# How to configure filebeat, logstash-forwarder n lumberjack???



## Anees (Apr 3, 2017)

Hi Everyone! Plz Please, can anyone guide me about how to install and configure filebeat, lumberjack or logstash-forwarder on FreeBSD? Or any other way to ship (nginx) logs to logstash server from FreeBSD. I shall be very thankful to you.


----------



## SirDice (Apr 3, 2017)

It's configured exactly the same way as on every other system. The only difference might be the exact location of the configuration files.

https://z0z0.me/configure-elasticsearch-logstash-filebeats-with-shield/


----------



## Anees (Apr 3, 2017)

SirDice said:


> It's configured exactly the same way as on every other system. The only difference might be the exact location of the configuration files.
> 
> https://z0z0.me/configure-elasticsearch-logstash-filebeats-with-shield/



Thanks a lot for you quick reply.
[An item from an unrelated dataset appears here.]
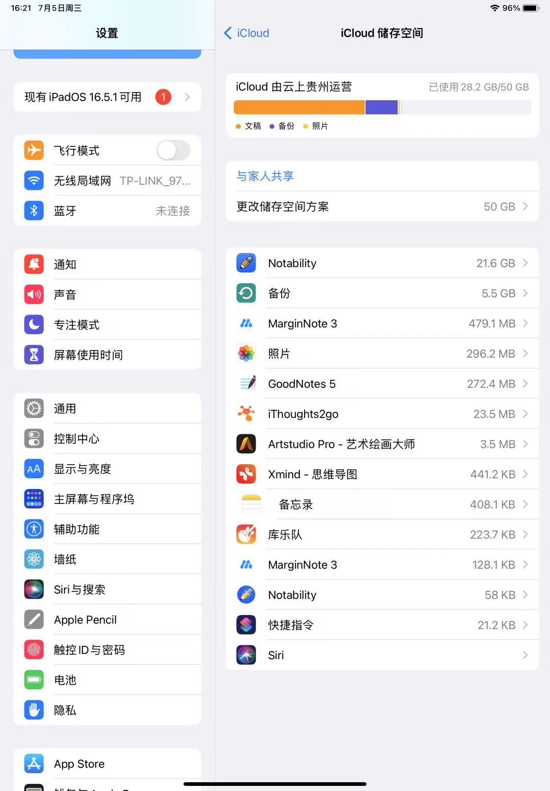 你在哪里看到的 Notability 空间占用的?

I try this.


----------



## Alberth (Nov 7, 2017)

Hello

Good day

In case that you still need this, i managed to make it work with logstash-forwarder, here 's what ia did to make it work:

>> Once you have ELK working (GUI working with its own traffic); make sure logstash is listening (lumberjack: 4433; you can change it also)

I use "logstash-forwarder" manually configure, not installed from ports/pkg

First create a directory for the certs and as well logstash-forwarder

mkdir /usr/local/logstash-forwarder/


Download the .zip

wget --no-check-certificate https://github.com/didfet/logstash-...d/0.2.4/logstash-forwarder-java-0.2.4-bin.zip  (latest version)

unzip logstash-forwarder-java-0.2.4-bin.zip 

create a dir for /lib and move things to the new /lib

mkdir /usr/local/logstash-forwarder/lib

move all of the main dir as well to the parent folder  (just for simplicity at the command call)

create the .json file for its configuration

nano/vi/touch/cat /usr/local/logstash-forwarder/logstash-forwarder.json

configuration of the "logstash-forwarder.json"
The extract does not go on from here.